JENNIFER Urwyler visited this year’s China International Import Expo on a mission: she wants to introduce her men’s make-up line into China, and she reckons her products are just what local men need. But will they agree?

Men are no strangers to the beauty industry in China, and that was highlighted stunningly on October 21 when Li Jiaqi — a male online beauty personality — sold 100 million yuan (US$14.3 million) worth of products in just six minutes, smashing records left, right and center.

Li — or the lipstick guy, as they like to call him — is now Taobao’s most successful live-streaming host, whipping his millions of fans into a buying frenzy with the latest beauty products and special offers. His show on October 21, a kind of Singles Day warm-up, saw up to 31 million people watching at a time, and dozens of specially selected beauty products sell out within just five minutes each.

But his target audience are, far and away, women. Despite being of the male persuasion, Li isn’t selling beauty to men — male beauty is still relatively unchartered territory.

“It’s just that men’s beauty is a bit more underground in China,” Jennifer told me. She’s really done her research.

Based in Switzerland, her brand — featuring foundation, concealer, blush, lipsticks and more — is called Triston, and it’s specifically aimed at men. Young, trendy, metro men, to be exact.

“Men want to be beautiful, just like women!” Jennifer laughed as I chatted with her during the expo. I concur.

“Our objective is to be the brand for every man, something to make you feel great and perfect,” she said.

Is China ready?

Rliny is another male Internet personality — KOL, as they like to call them — in the field of cosmetics.
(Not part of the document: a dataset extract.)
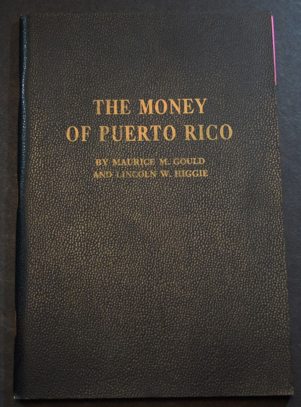 (1) The Money of Puerto Rico by Gould, Maurice M. & Lincoln W. Higgie. Whitman Publishing Co. 1962. 12mo. 83 pages. Original black card covers, lettered in gilt. Fine. b&w plated throughout. Bibliography. This book is an illustrated history and price list of the coins, tokens and paper money which were once issued for use by the commonwealth of Puerto Rico. There are sections on counterstamped coins, the coinage of 1895-1896, paper money, and a heavy emphasis on plantation and merchant tokens.

With 850,000 fans on Weibo, Rliny is often called upon by brands for not only advice, but also to promote and market beauty products.

He told me that despite wide promotion of male beauty products being few and far between, China is definitely warming to the idea of men delving into cosmetics. “People’s idea of beauty is more diverse nowadays, and Chinese men’s make-up at this stage is a trend that is growing in acceptance.”

That’s led to quite an explosion in recent months of cheap beauty products for men sold all over Taobao and other platforms, but that doesn’t worry Jennifer.

“Our focus is on premium quality products that not only look good and feel good, but are also good for the skin,” she explained. “Our products are free of parabens, fragrances, silicone and gluten, and our complete line is hypoallergenic.”

That is where Triston stands apart from the myriad of BB creams and lip tints young men can already buy online, she added.

Rliny doesn’t think the proliferation of products online is cause for concern either, but suggests that foreign brands looking to make it here respect the local market and try hard to understand, and therefore better meet, the needs of Chinese consumers.

“First of all, respect should be the basis for launching a new brand anywhere,” he told me. “If China’s basic cultural bottom line isn’t respected, how can a brand expand its influence and gain more customers?”

The second China International Import Expo was “fantastic” for Jennifer and her brand, allowing them to build connections and test the waters in preparation for a launch here early next year. She sees taking part in the expo in the future as a key part of her brand’s journey and growth, and is already planning a “bigger and better” stall for 2020.

As for Triston, it will hit online retailers in the next few months. And Jennifer’s feeling quite optimistic: “If we fail, we won’t give up.”